CGATOxford/CGATCore

Running pipelines locally with Ubuntu

Closed this issue · 3 comments

From my understanding of Execution.py, statements run locally (e.g --local option with pipeline command), are executed using subprocess.Popen() with shell=True. Thus, the statement is prefixed with /bin/sh to run with the shell. On most systems this is bash but on e.g Ubuntu, this is dash. I believe this causes an error with our statements since running using Ubuntu gives the following error:

bin/sh: 11: Bad substitution\n' which seeems to be related to using dash to run a bash-compatible script.

I'm reporting this issue second hand however, so I haven't had the chance to absolutely confirm this is the issue.

If I'm right, should we allow users to define the shell, perhaps via an optional UNIX variable?

P.s. The docs for subprocess.Popen() also says:

Warning
Using shell=True can be a security hazard. See the warning under Frequently Used Arguments for details.

Note
Do not use stdout=PIPE or stderr=PIPE with this function as that can deadlock based on the child process output volume. Use Popen with the communicate() method when you need pipes. 

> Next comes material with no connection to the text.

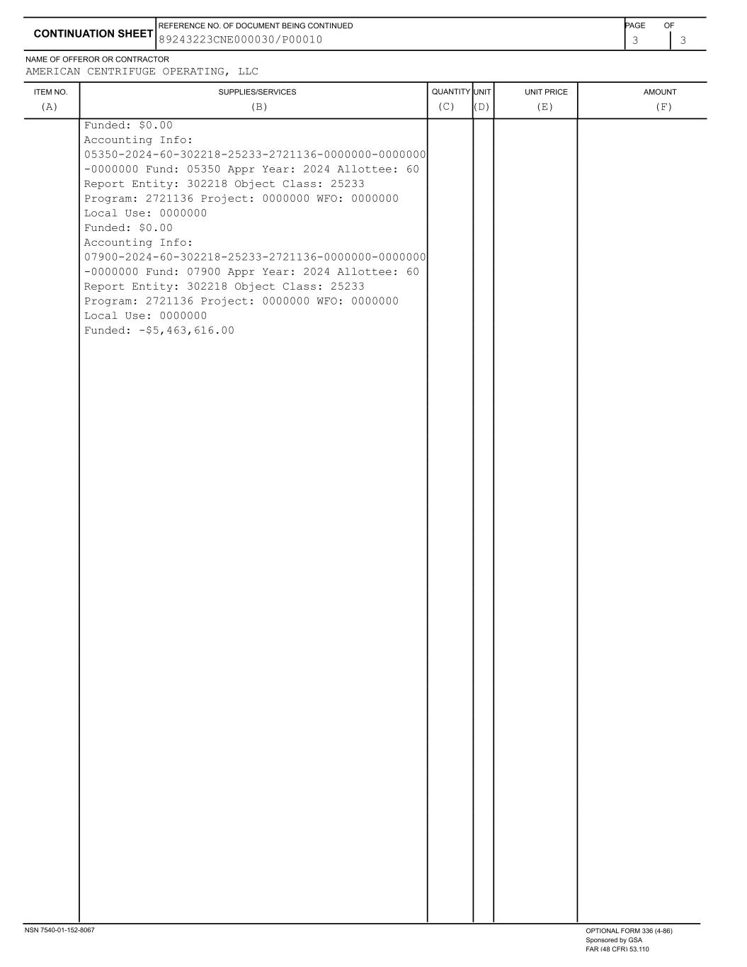 ITEM NO. SUPPLIES/SERVICES QUANTITY UNIT UNIT PRICE AMOUNT NAME OF OFFEROR OR CONTRACTOR 3 3 CONTINUATION SHEET REFERENCE NO. OF DOCUMENT BEING CONTINUED PAGE OF AMERICAN CENTRIFUGE OPERATING, LLC (A) (B) (C) (D) (E) (F) 89243223CNE000030/P00010 Funded: $0.00 Accounting Info: 05350-2024-60-302218-25233-2721136-0000000-0000000 -0000000 Fund: 05350 Appr Year: 2024 Allottee: 60 Report Entity: 302218 Object Class: 25233 Program: 2721136 Project: 0000000 WFO: 0000000 Local Use: 0000000 Funded: $0.00 Accounting Info: 07900-2024-60-302218-25233-2721136-0000000-0000000 -0000000 Fund: 07900 Appr Year: 2024 Allottee: 60 Report Entity: 302218 Object Class: 25233 Program: 2721136 Project: 0000000 WFO: 0000000 Local Use: 0000000 Funded: -$5,463,616.00 NSN 7540-01-152-8067 OPTIONAL FORM 336 (4-86) Sponsored by GSA FAR (48 CFR) 53.110

We're doing both. Is this an issue?

#4 fixes it for me.
I am using Ubuntu + zsh, can't say about other environments though.

Many thanks both for your feedback!

Please note that this is an old repo, and CGATCore is under development in a new repo:
https://github.com/cgat-developers/cgat-core

Could you please install and use the new version?

Thanks all.
I think the security issue would be relevant if you set up a pipeline, but let in run by somebody else. I assume they could then manage to run things with your privileges, instead of their own.

Thanks for flagging stdout/stderr. The stdout/stderr should not be a major issue as ideally a task saves its stdout to a file (P.run() returns metrics, not the contents of stdout). It has not been an issue in the past, but using communicate() might be safer.